Single by Spector

from the album The Luv Luv Luv and Enjoy It While It Lasts
- Released: 8 May 2011
- Genre: Indie rock
- Length: 3:36
- Label: Luv Luv Luv
- Songwriter(s): Frederick Macpherson

Spector singles chronology
|  | "Never Fade Away" (2011) | "What You Wanted" (2011) |

= Never Fade Away (song) =

"Never Fade Away" is the first single released by English band Spector. It was released on 8 May 2011, on 7" vinyl and digital download. The song is the opening track on their The Luv Luv Luv Singles EP (containing all of Spector's singles, except for "Chevy Thunder" because the single was unreleased at the time). The 7" has an etched (blank) B-side. The song was written by the band's frontman Frederick Macpherson.
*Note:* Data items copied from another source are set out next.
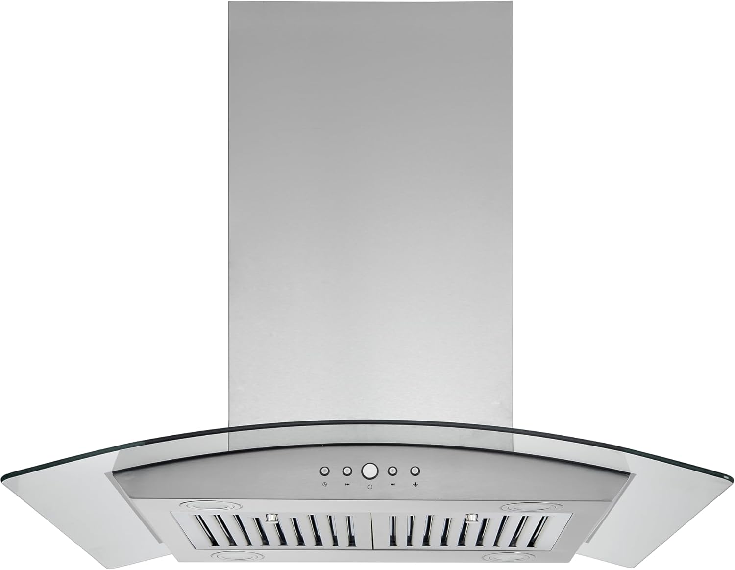 The control panel is located on the front of the hood and features push buttons for various functions. The dual control design allows operation from either side of your kitchen island.
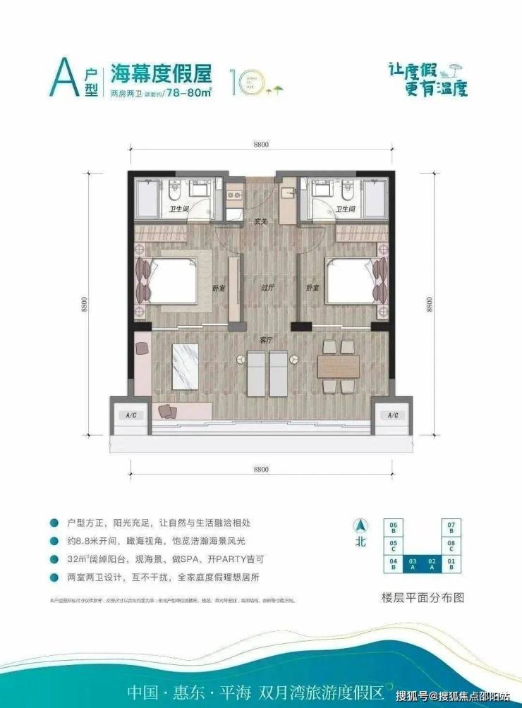 户型方面,单房、双套房的设计,面积不大,却是有更多的活动想象空间,单是180度一线无遮挡观海,就能让你醉晕在双月湾这一片汪洋大海中。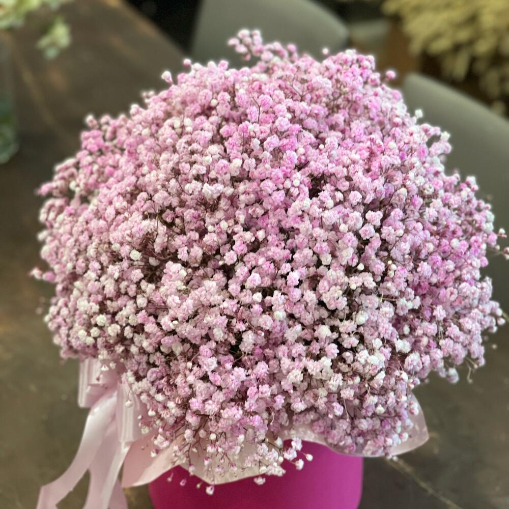 гипсофила розовая премиум – 50 шт.Оазис флористический – 1 шт.Шляпная коробка – 1 шт.Лента атласная – 2 шт.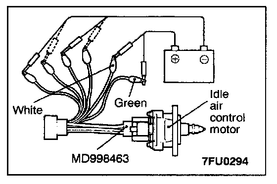 1. Disconnect the idle air control motor connector and connect the special tool (test harness).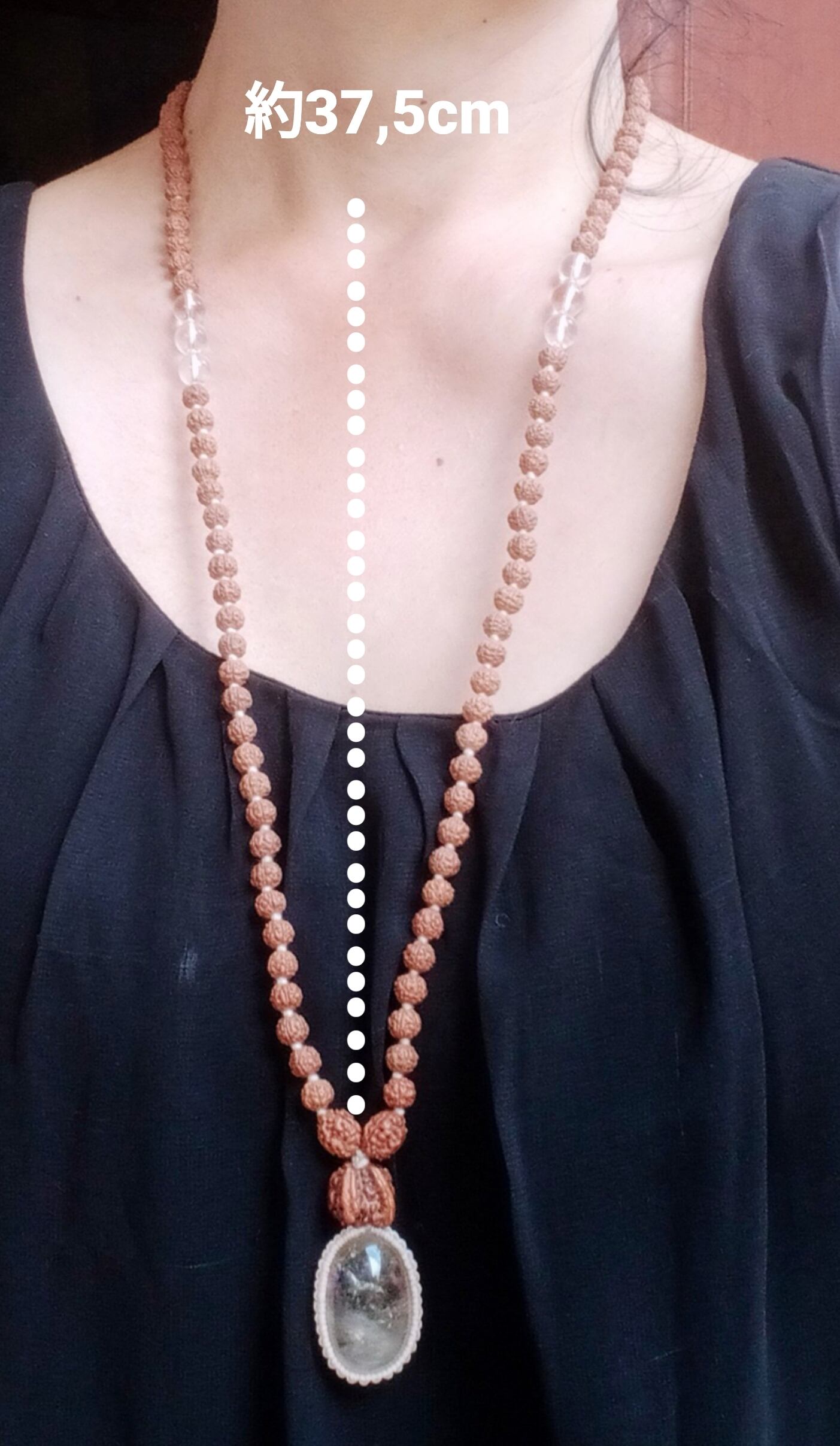 ルドラクシャは、ペンダントトップの左右に「ヒンドゥー三大神が内在する。」と言われる「3面アグニ」を組み入れ、ペンダントトップの上部にはレアビーズ「ダブルガネーシャ5面」を使用しています。

The song has been reviewed by Boost the Music and NME, with the track coming #15 in NME's top 50 best tracks of 2011 and being described by the magazine as "A healthy, grandiose indie single, with hooks as sharp and nagging as a No 2 drill to a nerve ending, and as lush as an afternoon on laughing gas."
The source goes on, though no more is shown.